Precedent supporting the refusal to examine the validity of patents in antitrust cases is sparse, further suggesting that courts are improperly applying the presumption of validity to dispose of patent questions in these cases. In Schering-Plough Corp. v. FTC, the Eleventh Circuit held that settlements falling within the exclusionary effects of a patent pose no antitrust problem. (31) For this proposition, the court relied on dicta from the 1964 case Simpson v. Union Oil. (32) Simpson itself, however, did not deal with any patented article. Instead, the Simpson Court distinguished the case from United States v. General Electric, which permitted GE to fix prices by issuing a license because the invention, the light bulb, was covered by a patent. (33)

In the absence of relevant binding precedent, antitrust courts rely on policy considerations to support their dismissal of patent invalidity contentions, expressing concern about the effect such an examination would have on licensees and patentees. (34) If courts resolve patent validity issues in antitrust cases arising out of patent settlements or licenses, then such licenses and settlements could give rise to treble damage awards under antitrust law. In addition, the patentee could lose the ability to enforce the patent against future infringers, either through collateral estoppel or simply because future courts may give deference to the antitrust court's determination. (35) This loss could dramatically alter a patentee's "bargain" with the public, (36) potentially increasing the liabilities of disclosing and managing a patent, and thereby reducing the incentive provided for future patentees to disclose their inventions.

Such concerns, though intuitively appealing, ignore the reality of the role patents play in the antitrust enforcement context. The Department of Justice, one of two agencies (along with the Federal Trade Commission) primarily responsible for enforcing U.S. antitrust laws, hires experts to assess patent scope when it reviews proposed patent pools. (37) In a patent pool, two or more patent owners agree to license one or more of their patents to each other party or to third parties. (38) Every member of the pool can utilize other members' patents without risking infringement. In reviewing these pools, the Department of Justice retains an expert to determine if overlapping or alternative technologies are included. If so, then the pool will not be approved because it reduces competition between the competing technologies and violates antitrust law.

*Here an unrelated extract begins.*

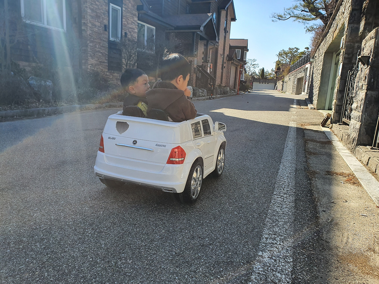 가끔은 드라이빙도 나가는 형제입니다. 단, 차의 성능이 두 아들을 감당할 수준이 되지 못해 엄마의 노력이 많이 필요한 드라이빙이지만, 차에 앉아 있는 것만으로도 즐거워합니다. 집 앞 도로를 달릴 때도 있고, 집 앞 데크에서 왔다 갔다 하는 것도 충분히 즐거워합니다. 한 명만 타면 충분히 재밌는 드라이빙이 가능할 텐데 한 명이 타면 꼭 다른 한 명이 본인도 타겠다고 하여, 무거운 드라이빙을 하게 됩니다.
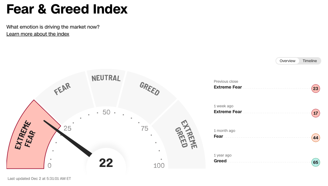 Het zal je vast opgevallen zijn hoe extreem de kloof is tussen het algehele gevoel en de feiten. De bekende Fear & Greed Index van CNN stond eind november in “extreme fear” met een stand rond de 24. Dat is een niveau dat je normaal gesproken eerder bij crashes dan bij recordstanden ziet.

Admittedly, this situation is different from the hypothetical third-party patent-validity challenger discussed earlier. The Department of Justice is not alleging that the patents are invalid or that the proposed pool is outside any patent's scope. But the practice is significant because it shows that the Department of Justice does not rely on presumptions and instead independently examines the scope of a patent when making antitrust determinations. (39) The Department does not possess any regulatory competence for examining the scope of a patent. Because of its lack of competence in patent law, the Department retains outside, independent experts to examine the patents, unlike economic analyses that are largely done by in-house economists. Similarly, courts can either appoint an independent expert to advise the court (40) or have the parties make opposing arguments relative to the patent and then make a finding. Presently, courts do neither.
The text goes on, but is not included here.